- Exercise prompt
Beginning at the line that holds "This delightful Glow-in-the-dark", transcribe each line exactly through the end of the records, and leave any pictures out.

Exercise input below:

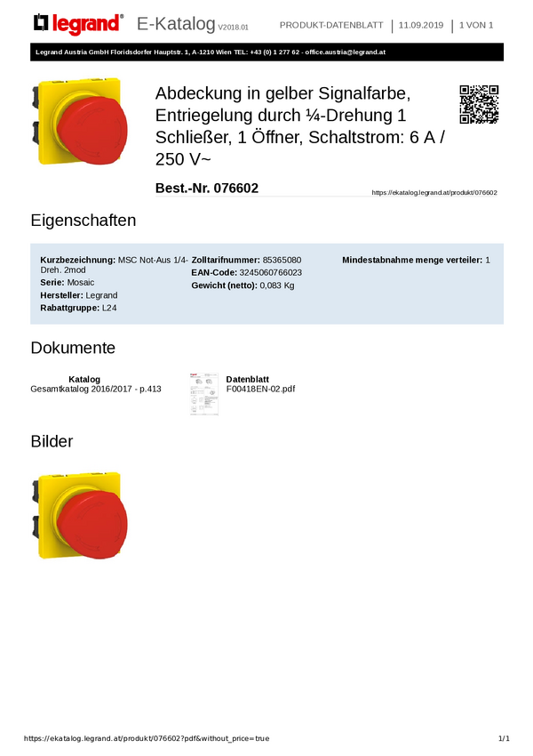 Legrand Legrand 076602 Przycisk zatrzymania awaryjnego 250 V 6 A 1 NC, 1 NO IP41 1 szt.
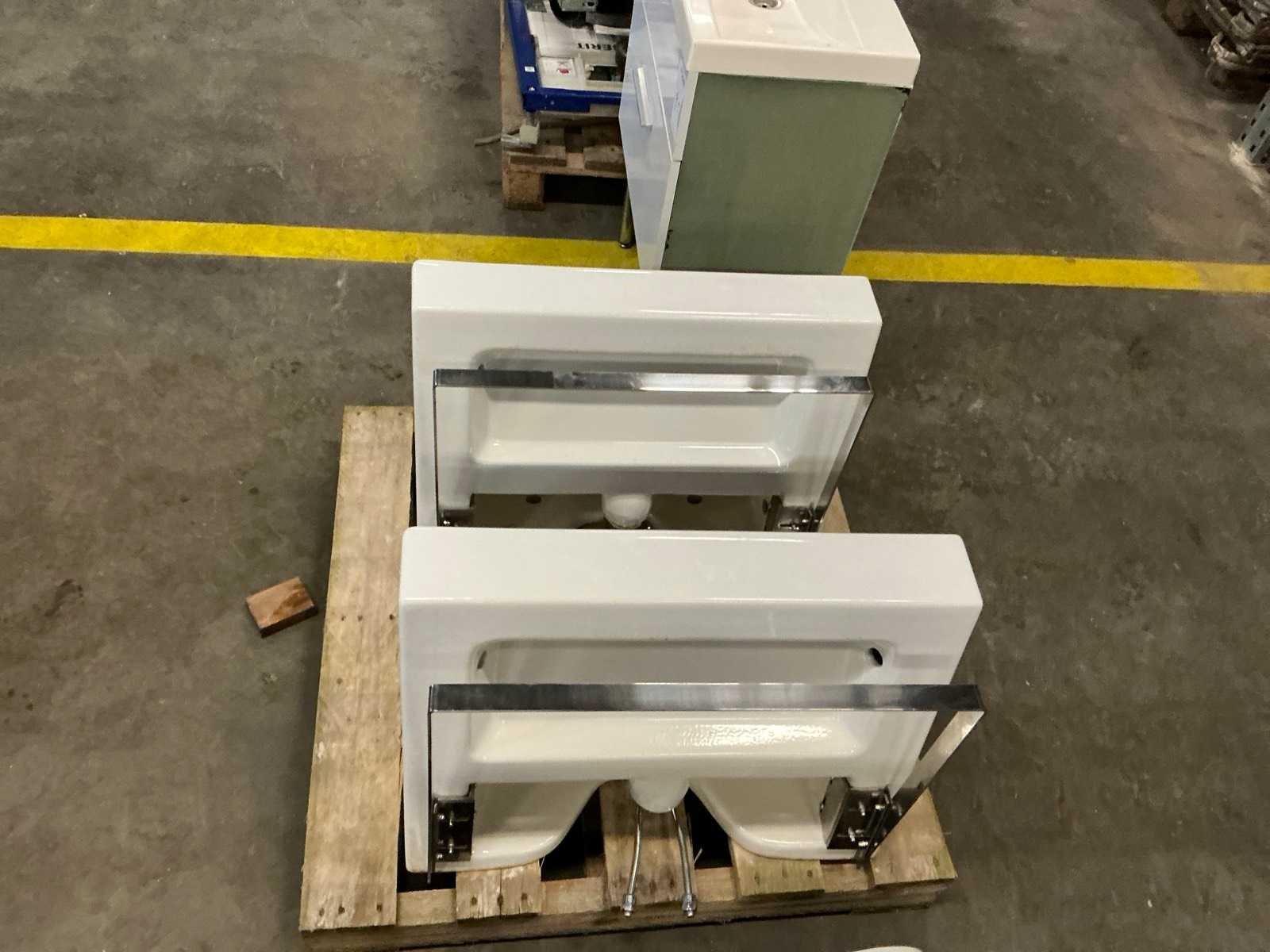 Voorzien van handdoekrek en mengkraan. Lengte: 65cm Breedte: 51cm Hoogte: 40cm
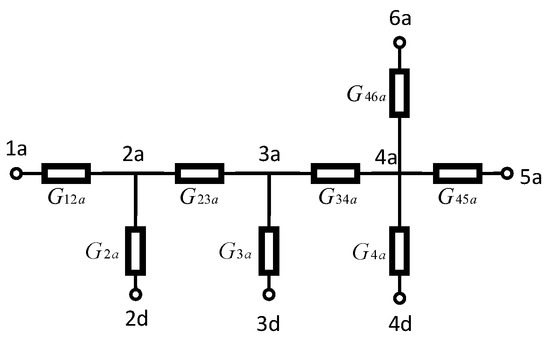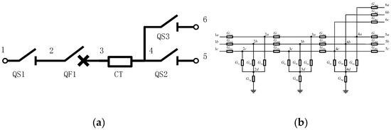 The interval unit usually consists of circuit breakers, isolating switches and current transformers. Figure 4a shows the interval unit of the incoming lines connected to the double-bus, and Figure 4b is its circuit. , and are the grounding conductances, , and are the equivalent conductances of the current transformer, while the rest are two-valued conductances. In order to set the value of the grounding conductance arbitrarily, the network is equivalented by setting nodes 1,5,6,2d,3d and 4d as boundary nodes. There are three independent sub-networks. Each sub-network contains only seven two-valued conductance before equivalence. The equivalent sub-network only has boundary nodes remaining, which reduces the dimension of the network equation and reduces the serial degree when solving the network equation.
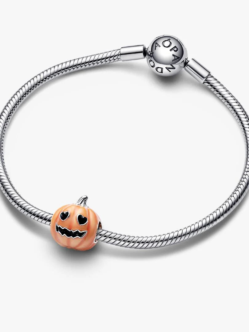 This delightful Glow-in-the-dark Spooky Pumpkin Charm in sterling silver is the perfect Halloween friend. Intricately detailed with a spooky face and heart-shaped eyes, this enamel-painted charm turns dark green when the
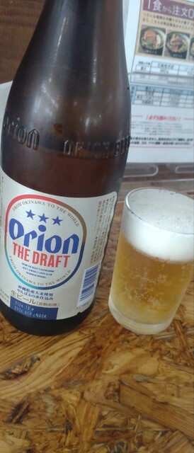 飲み物は瓶ビール大(500円)、つまみにしめさば(350円)、ハムキャ別(350円)。
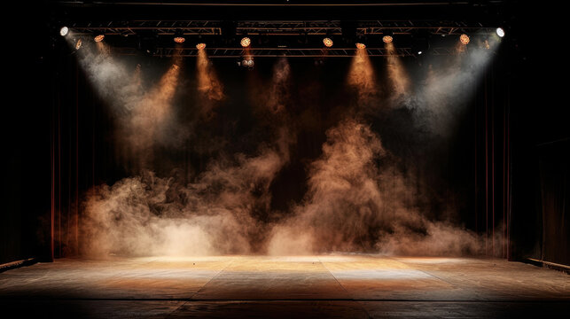 Mysterious and atmospheric scene with dark empty space. Floor is illuminated by spotlight creating dramatic interplay of light and shadows. Presence of smoke or mist element of mystery ambiance
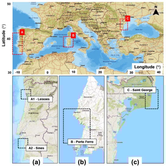 Locations of the target areas considered for assessment, where: (a) Portugal continental (North Atlantic Ocean); (b) Porto Ferro, Sardinia (Mediterranean Sea); (c) Saint George (Black Sea). Figures processed from Google Earth (2019).

End of Exercise input.

- Response box
 This delightful Glow-in-the-dark Spooky Pumpkin Charm in sterling silver is the perfect Halloween friend. Intricately detailed with a spooky face and heart-shaped eyes, this enamel-painted charm turns dark green when the
 飲み物は瓶ビール大(500円)、つまみにしめさば(350円)、ハムキャ別(350円)。
 Mysterious and atmospheric scene with dark empty space. Floor is illuminated by spotlight creating dramatic interplay of light and shadows. Presence of smoke or mist element of mystery ambiance
 Locations of the target areas considered for assessment, where: (a) Portugal continental (North Atlantic Ocean); (b) Porto Ferro, Sardinia (Mediterranean Sea); (c) Saint George (Black Sea). Figures processed from Google Earth (2019).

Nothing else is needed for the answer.